Life

People Are ‘Livid’ At TSA Over A ‘Horrifying’ Pat Down Of A Boy, Proof That TSA Can Never Win

There’s a saying my father often used, “You can’t win for losing.” As a kid, I always struggled to wrap my head around it –trying to notch the words together in a way that made sense. Basically, it’s a more dramatic version of another homespun truism: “Damned if you do; damned if you don’t.”

Such is life for every TSA agent in the country. Make us take off our shoes? We’re pissed. Make us un-sheath our laptops? We’re pissed. Let a pair of bomb shoes or a laptop filled with snakes slip through your clutches (carried, potentially by a terrorist, but more commonly by an undercover TSA agent)? We’re doubly pissed. Or dead.

The stakes of working for the TSA are insanely high. The starting salary is $31K. Pretty safe to say that there’s no job in the country with a worse salary/”cost of f*cking up” ratio. They greet us when we’re cranky, tired, and rushed; doing jobs that society has almost fetishized the mockery of. (Thank god Jordan Peele tossed the TSA a bone with Lil Rel Howery’s character, Rod, in Get Out).

Everyone wants the TSA to ease up, but know this: if they make a mistake, there will be no mercy. No excuses will work. We will have blood. And that mistake can be something getting past them or trying too hard to make sure something doesn’t. Take this mega-viral video showing a TSA pat down of a 13-year-old boy:


It was filmed by Jennifer Williamson of Plano, TX. The boy is her son, being patted down by a TSA officer after an alarm set off by a laptop. This comes on the heels of the TSA’s announcement of more stringent/ invasive pat downs because they are under pressure to protect us better, by an administration that has used specific rhetoric to make travel seem dangerous.

“We have been through hell this morning,” Williamson wrote on Facebook. “I am livid. Please, share… make this viral like the other children’s videos with TSA… I wish I had taped the entire interchange because it was horrifying. We had two DFW police officers that were called and flanking him on each side.”

The post has been shared 95K times. The video has been viewed 5.8 million times. Williamson’s TSA hate resonated deeply. Meanwhile, the TSA is standing its ground.

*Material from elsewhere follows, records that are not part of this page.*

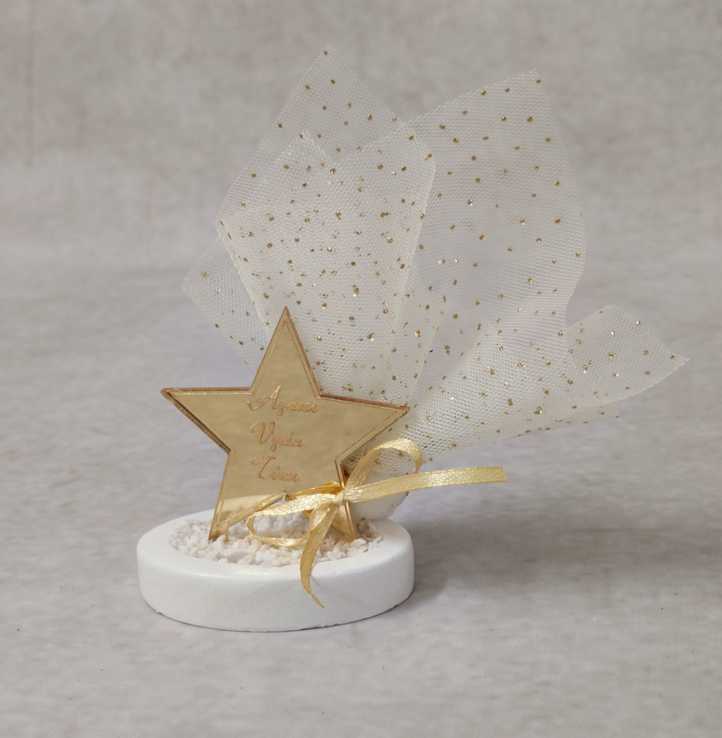 Μπομπονιέρα γάμου – βάπτισης αστέρι από χρυσό καθρέφτη plexi-glass σε λευκή βάση με πετραδάκια, δεμένη με χρυσή σατέν κορδέλα, χρυσό glitter τούλι και 5 κουφέτα αμυγδάλου ή 3 κουφέτα αμυγδάλου και 2 σοκολατένιες καρδιές ή 7 κουφέτα smarties.
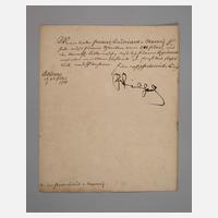 Markgraf und Kurfürst zu Brandenburg (1688 Cölln bis 1740 Potsdam), dem legendären “Soldatenkönig” und Vater Friedrich des Großen an den General-Leutnant von Marwitz, “Mein lieber General Lieutenant von Marwitz. Ich habe wegen Meinen Officiers und Soldathen, welche von auswärtigen Orthen nach meinen Lande reysen, resorbiret [aufgenommen], daß sich selbige samtlich von den Orth ihrer Abreyse, mit gehörigen Päßen versehen, und wann sie etwa in Meinen Landen an den erwardensten Orthen dernach nicht befraget, sondern ohne examinirung [Prüfung] durchgelaßen würden, solches Ihren Kriegs und Domainen Cammern auch Regierungen, oder deren Obrigkeiten jeden Orths, wo sie ohne Nachfrage durchgelaßen wurden zur Untersuchung und Bestraffung aler Bediensten, vorzeigen sollen. Ihr sollet also dieses gehörig bey Ihrem Regiment publicieren und darauf halten. Ich bin Ihr wohlaffectionierter [wohlwollender] König ...”, bei dem Adressaten handelt es sich wohl um den Generalmajor Heinrich Karl von der Marwitz (1680 Sellin bis 1744 Breslau), ab 1720 Mitglied des preußischen Tabakskollegiums des Soldatenkönigs und ab 1724 Chef des Altpreußischen Infanterieregiments “von Dönhoff” in Halberstadt, 1739 zum Ritter des “Schwarzen Adlerordens” ernannt, gegeben am 4. September 1739 in Berlin und vom König unterzeichnet, altersgemäßer Zustand auf Bütten, Maße 19 x 23 cm.
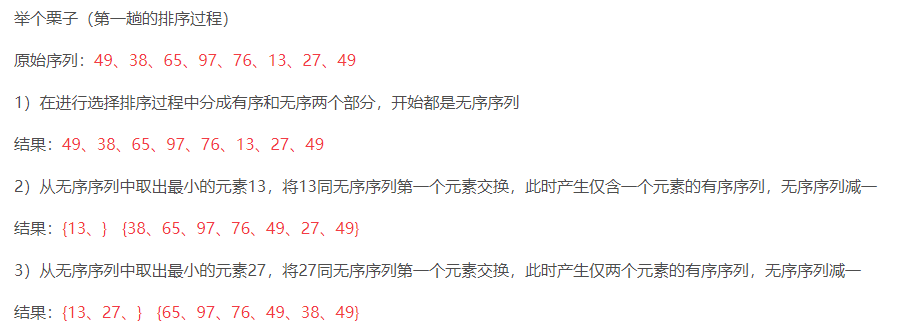 算法思想:选择排序,从头至尾扫描序列,找出最小的一个元素,和第一个元素交换,接着从剩下的元素中继续这种选择和交换方式,最终得到一个有序序列。
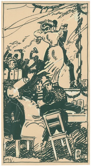 Tanz - Unterm Maibaum. _. Tuschpinselzeichnung, Bleistift, Deckweiß. Monogrammiert. 28,1:15,2 cm. Literatur: Simplicissimus. Bilder aus dem ?Simplicissimus?. Hrsg. von H. Reinoß, Hannover, 1970, S. 158, 194, 196; Flemig, S. 117. Maler, Zeichner, Illustrator, Mitarbeiter ?Simplicissimus? und ?Jugend?.
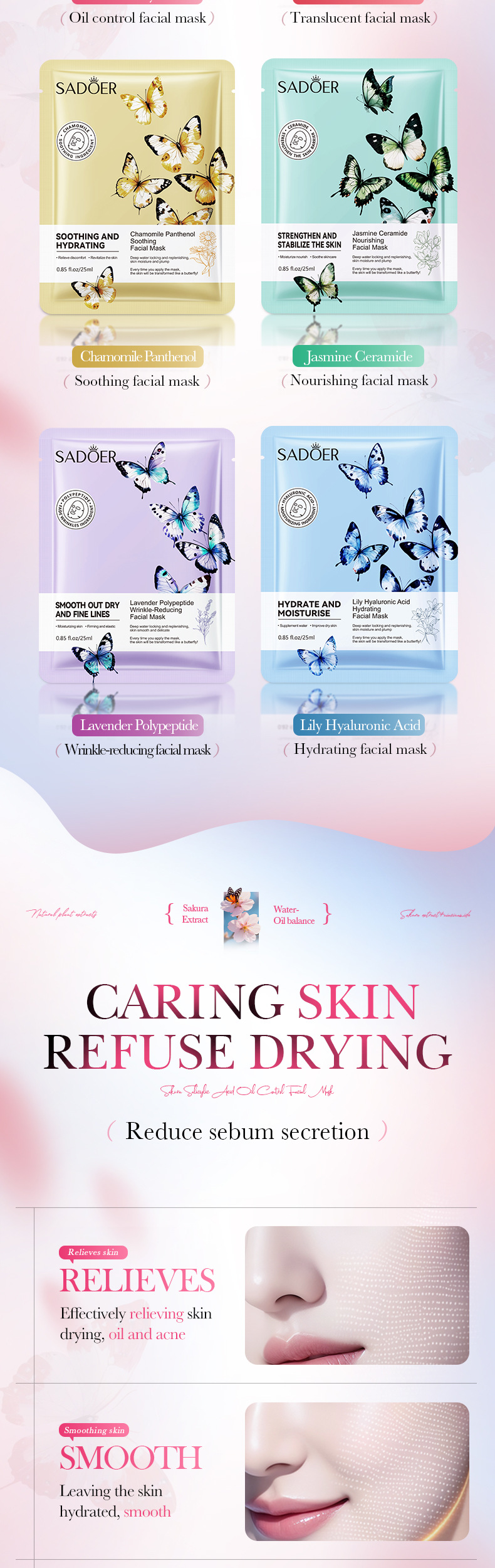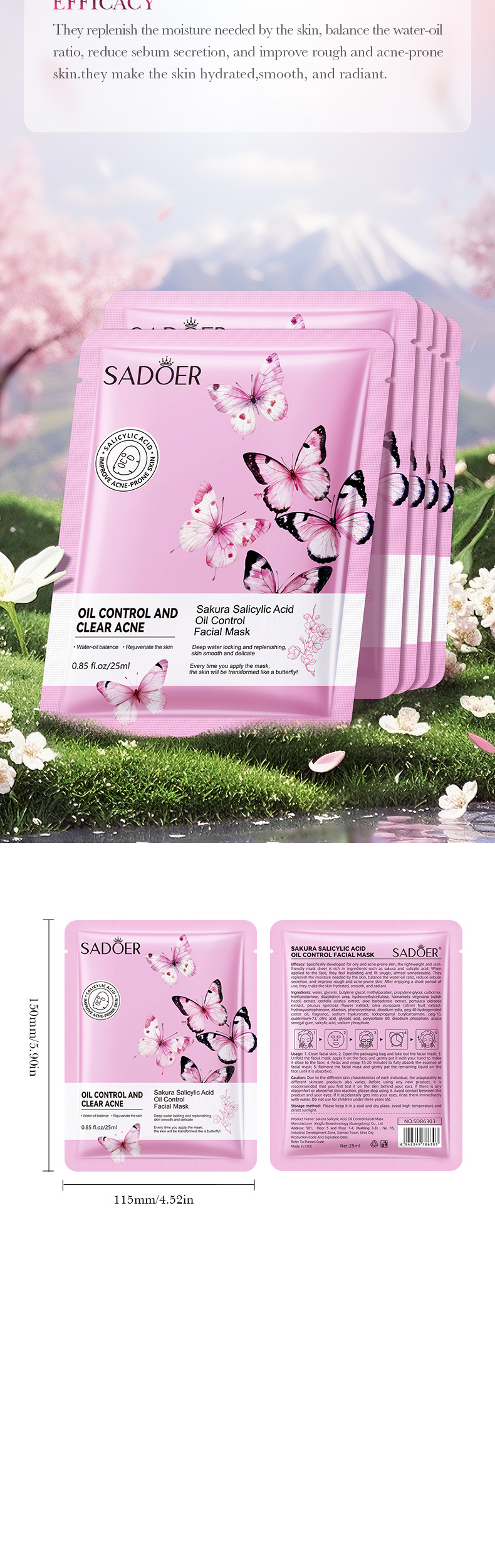 跨境现货水杨酸控油面膜SADOER樱花滋润补水保湿面膜外贸工厂直销

“In total, the pat-down took approximately two minutes,” they wrote in a statement to media, “and was observed by the mother and two police officers who were called to mitigate the concerns of the mother. The passengers were at the checkpoint for approximately 45 minutes, which included the time it took to discuss screening procedures with the mother and to screen three carry-on items that required further inspection.”

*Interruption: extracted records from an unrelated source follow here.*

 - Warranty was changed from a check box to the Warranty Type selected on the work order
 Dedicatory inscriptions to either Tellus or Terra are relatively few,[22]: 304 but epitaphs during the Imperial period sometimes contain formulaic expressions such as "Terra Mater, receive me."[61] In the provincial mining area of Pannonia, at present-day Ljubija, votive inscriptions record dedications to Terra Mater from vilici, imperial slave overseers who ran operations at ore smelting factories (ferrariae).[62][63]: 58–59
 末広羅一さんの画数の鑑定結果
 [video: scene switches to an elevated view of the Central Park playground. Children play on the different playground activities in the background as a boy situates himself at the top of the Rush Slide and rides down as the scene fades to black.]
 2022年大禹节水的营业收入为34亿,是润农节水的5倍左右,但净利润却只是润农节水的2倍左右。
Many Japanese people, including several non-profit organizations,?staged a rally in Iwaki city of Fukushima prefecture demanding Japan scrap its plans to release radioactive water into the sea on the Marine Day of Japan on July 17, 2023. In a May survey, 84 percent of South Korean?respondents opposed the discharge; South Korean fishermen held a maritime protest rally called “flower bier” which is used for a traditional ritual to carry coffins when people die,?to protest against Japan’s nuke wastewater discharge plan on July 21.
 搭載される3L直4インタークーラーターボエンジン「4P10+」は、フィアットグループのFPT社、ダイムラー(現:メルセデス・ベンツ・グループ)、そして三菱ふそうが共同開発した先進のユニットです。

So is that one hour delay all on the TSA? Or is there a more nuanced truth that Twitter and Facebook don’t seem capable of handling? Instead of a discussion or, y’know, compassion for an agency trying to adapt to changing travel conditions, people are rampantly speculating about the officer who did the pat down (who has been named by multiple outlets).

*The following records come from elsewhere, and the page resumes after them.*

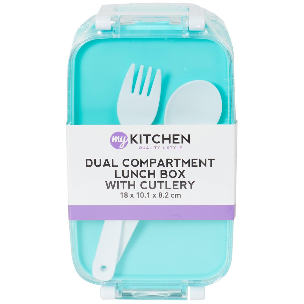 The Dual Compartment Lunch Box with Cutlery is a stylish and practical addition to your kitchen collection. The box is suitable for taking your lunch to work, on trips, and more! The lunch box comes with two compartments to suit sandwiches, salads, and snacks, and comes with its own cutlery for convenience.
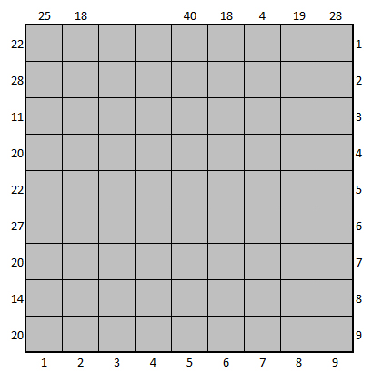Die Zahlen am oberen und linken Rand geben des Diagramms geben die Summe der Werte der schwarz gefärbten Felder in der betreffenden Zeile bzw. Spalte an.
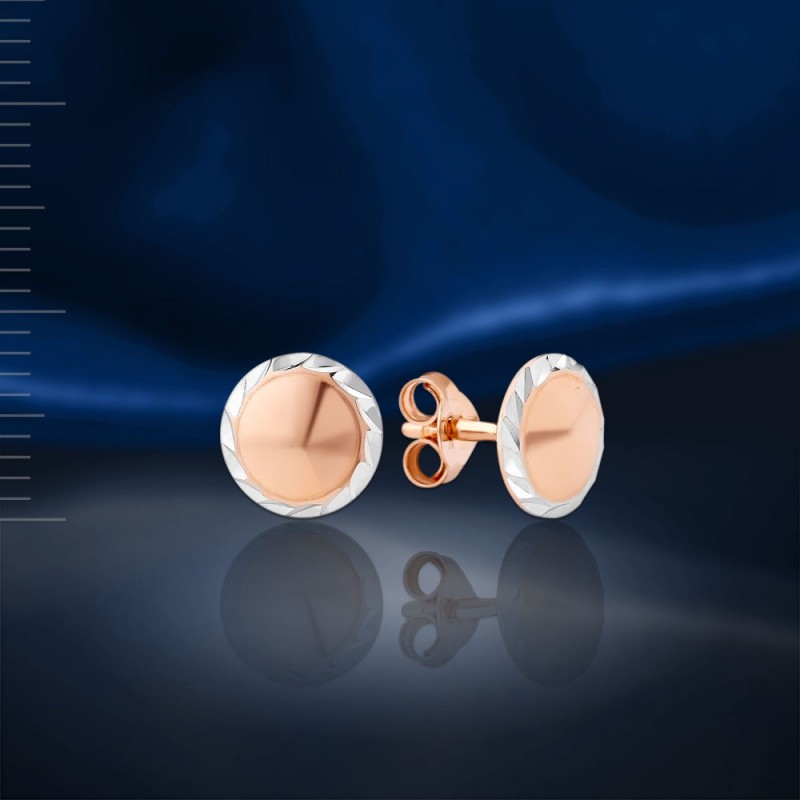 Золотые серьги - пусеты из красного и белого
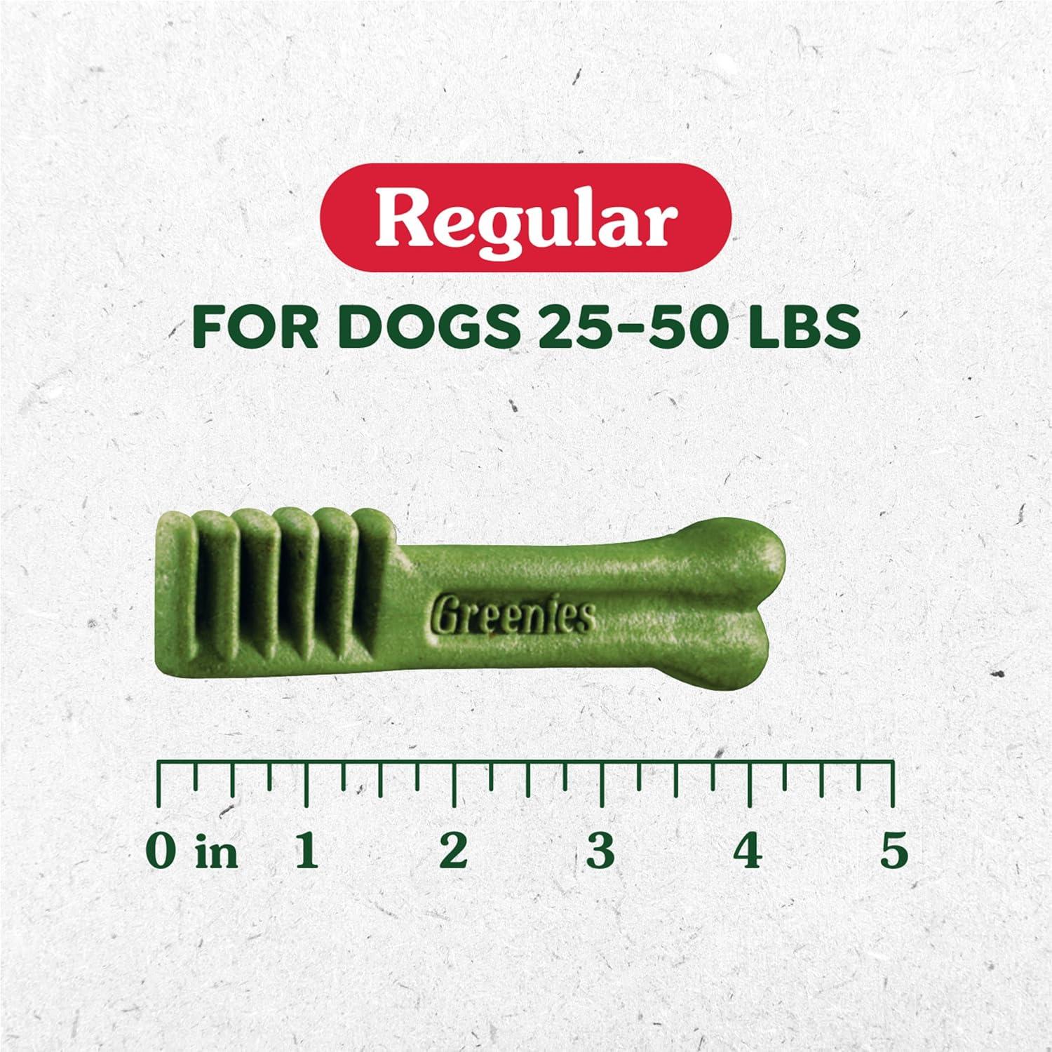 One Greenies Original Dental Treat a day is all it takes for clean teeth, fresh breath, and a happy dog. Your dog can't wait to sink their teeth into these delicious, original-flavor dental dog breath chews because they feature a delightfully chewy texture that fights plaque and tartar. Irresistibly tasty and incredibly powerful, Greenies Treats for Dogs are vet-recommended for at-home oral care. Best of all, these natural dog breath treats are made with highly soluble ingredients that are safe and easy to digest. Give your dog the mouth-wowing treat that helps promote their overall health with Greenies Dog Treats.
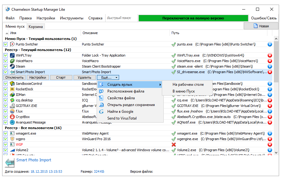 Chameleon Startup Manager Lite разработана компанией NeoSoft Tools и предназначена для управления программами, запускаемыми при старте операционной системы. Утилита анализирует записи в реестре, отображает автозагрузку для текущего пользователя и всех пользователей, а также включает отдельную категорию для системных служб. Это позволяет получить полный контроль над тем, какие процессы стартуют вместе с Windows. Программное обеспечение работает стабильно и не требует высоких системных ресурсов.
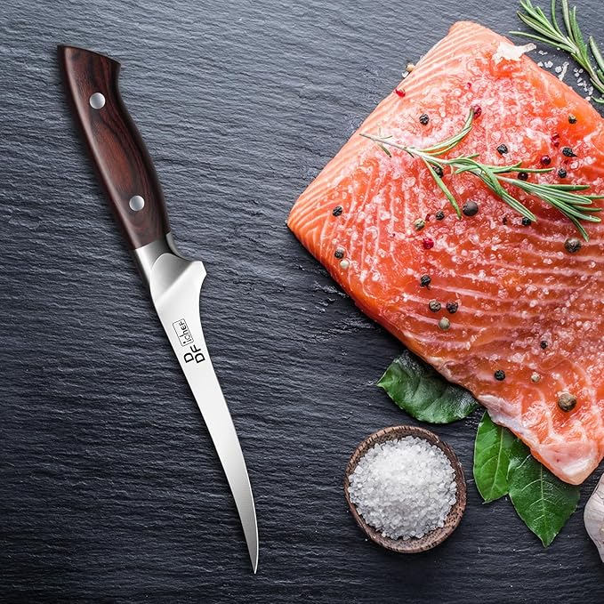 - 【WELL BALANCE】: Sloped bolster design between blade and handle is well balanced, strengthen the stability, reducing strain on your wrist, the knife allows you to fillet fish like a breeze.
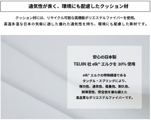 クッション材には、TEIJIN社elk®(エルク)を30%使用しています。elk®(エルク)の特殊構造であるタングル・スプリングにより、通気性はもちろんのこと、弾力性、軽量性、耐久性、そして安全性を兼ね備えています。

Here’s a Twitter account with 7K followers overtly implying that the officer is a pedophile.

And two of literally thousands of Facebook comments drawing the same conclusion.

Counterpoint: The TSA confiscated 81 firearms LAST WEEK. 74 were loaded. 26 had a round in the chamber. So… maybe they’re just trying to do their jobs well and not get fired? Perhaps we shouldn’t speculate on who is and isn’t a psychopathic monster based on a Facebook video?

The boy’s mother states that he has a sensitivity disorder which makes this ordeal particularly dramatic, but she doesn’t mention in her Facebook status whether the family took advantage of “TSA Cares” a program which aims to ease the screening impact for people with disabilities. Requests for a comment on this point were not immediately returned.

“These power tripping TSA agents who are traumatizing children and doing whatever they feel like without any cause, need to be reined in,” Williamson wrote.

It’s a sentiment people seem to agree with. But it also reveals a tremendous amount of privilege. Do you want TSA to be reined in on all kids? Even if the adult accompanying them makes you wary because of your own pre-existing biases? Or should they treat everyone who flies equally?

It’s a worthy conversation, the sort that can’t just be tweeted about. Meanwhile, the TSA, whose only job is to keep us safe while we snap at them, still can’t win for losing.